Старик был иностранцем и не понимал ни слова.
– Ну, давай! – ревел я. – Сделай что-нибудь!
Я, как сумасшедший, повторял одну и ту же фразу, словно мантру:
– Сделай что-нибудь, сделай что-нибудь, СДЕЛАЙ ЧТО-НИБУДЬ!
Оглядываясь назад, я прихожу к выводу, что мое «сделай что-нибудь» было не столько издевкой, сколько завуалированным призывом о помощи. «Пожалуйста, сделайте что-нибудь. – Вот что мне следовало бы сказать на самом деле. – Ведь ваш вид обладает необходимыми инструментами и волей! Пожалуйста, сделайте что-нибудь! Найдите решение, которое спасет оба наших народа! Пожалуйста, сделайте что-нибудь! Пока вас еще много! Пока есть время! Сделайте что-нибудь! СДЕЛАЙТЕ ЧТО-НИБУДЬ!»
Но в ту ночь, на своем последнем пиршестве у озера Теменггор, я был слишком опьянен кровью, чтобы так поступить. Третьей жертвой стала дряхлая старуха, да еще и сумасшедшая, как оказалось. Многие беженцы страдали от болезни, которую люди называли «военным неврозом». Увиденные ужасы, понесенные личные потери лишали людей рассудка. Фактически их физическая оболочка существовала отдельно от разума. Старая карга, на которую я напал, осознавала мое присутствие не более чем тот зомби. Когда я вскрыл ей вены, она издала, как мне показалось, легкий вздох облегчения.
До сих пор помню омерзительный вкус ее крови у себя на языке – водянистой, пресной, с привкусом веществ, выделяемых организмом при переработке собственного жира. Я уже подумывал бросить ее и пуститься на поиски четвертой жертвы, как вдруг мое внимание привлекла какофония воплей и стонов, более громких, чем обычно, и доносящихся с западной стороны моста.
Полутрупы прорвали баррикады.

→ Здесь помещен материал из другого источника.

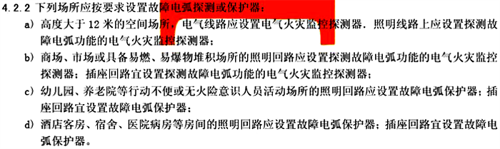 簡言之,人員密集場所+有可燃物的房間需設置AFDD,設置部位為照明和插座回路。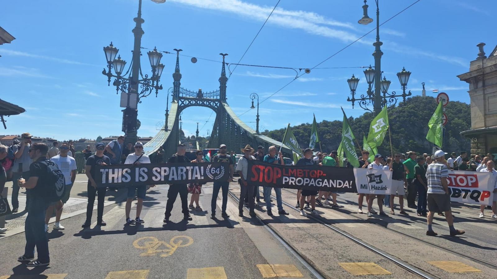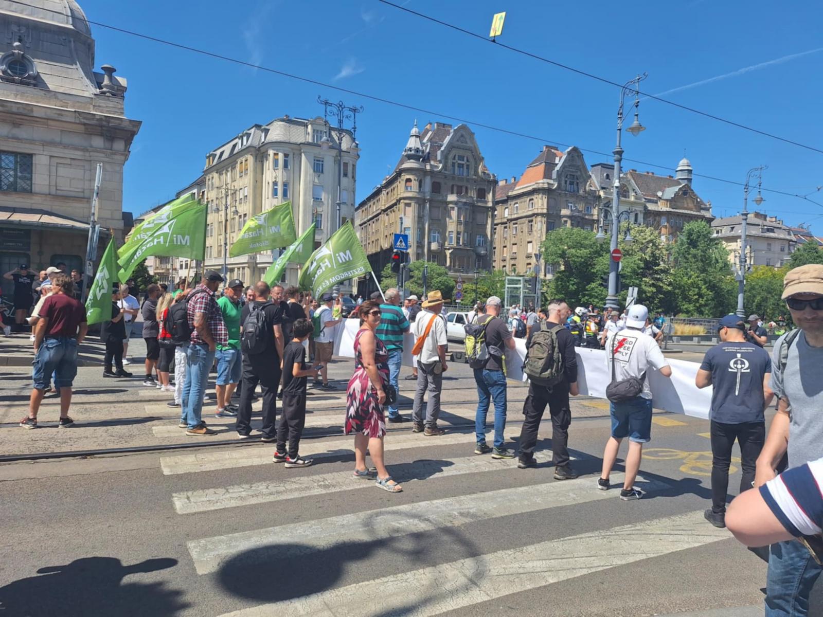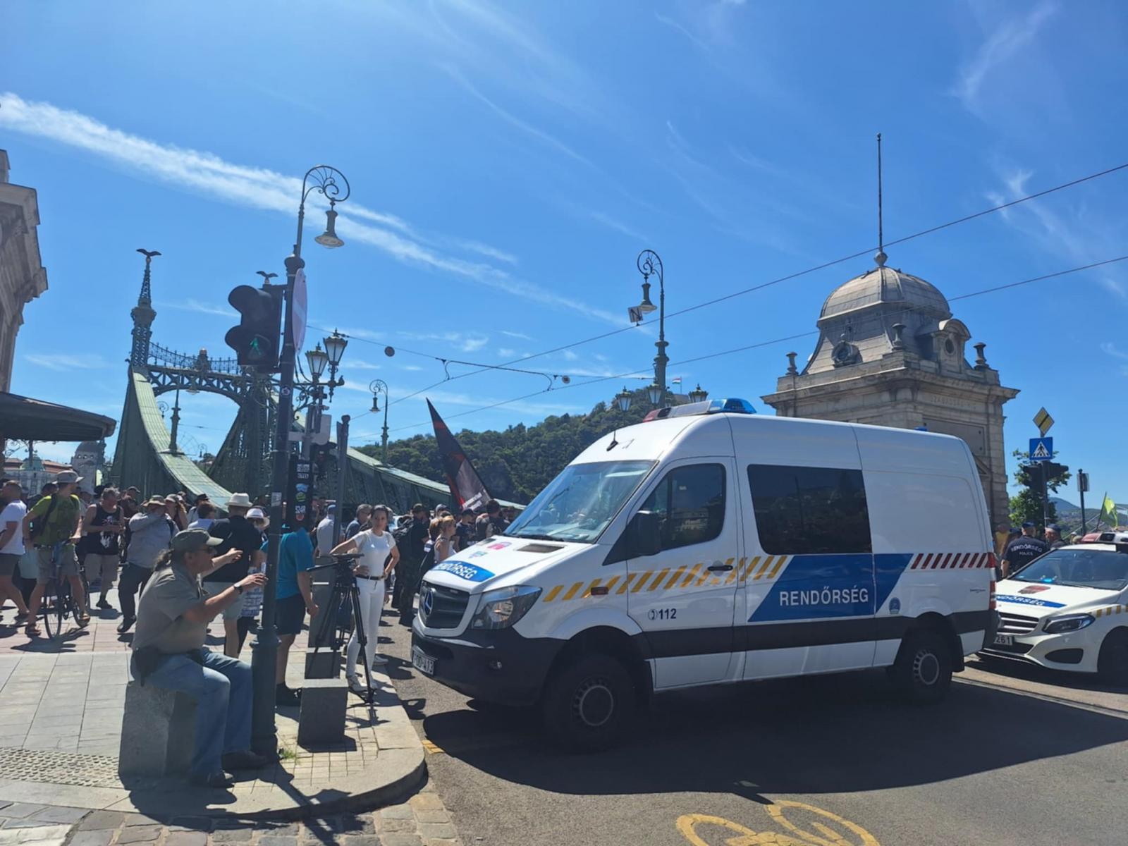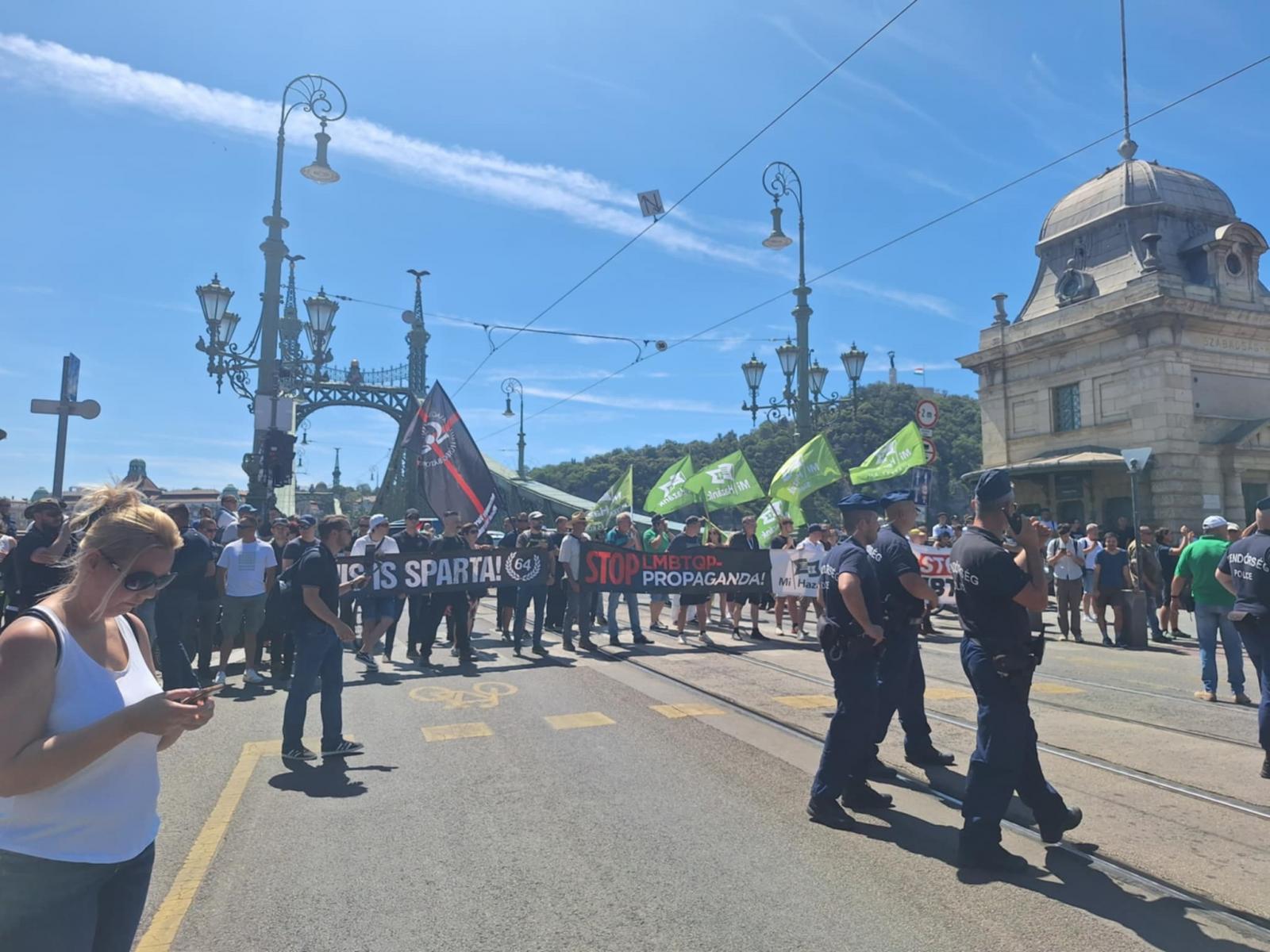 Nem járnak a villamosok sem. Háromszázan lehetnek, fél 3-kor Novák Előd fog sajtótájékoztatót tartani.

Я понял это сразу, как только вышел из джунглей. Воздвигнутая людьми стена из перевернутых машин и строительного мусора буквально кишела безмозглыми пожирателями плоти. Уж не знаю, то ли у защитников бастиона иссяк запас патронов, то ли храбрости, но солдаты улепетывали от надвигающейся лавины полутрупов во все лопатки. Через баррикады лезли сотни, если не тысячи живых покойников, растаптывая своих же собратьев и формируя у основания заграждения пандус из утрамбованной мертвечины.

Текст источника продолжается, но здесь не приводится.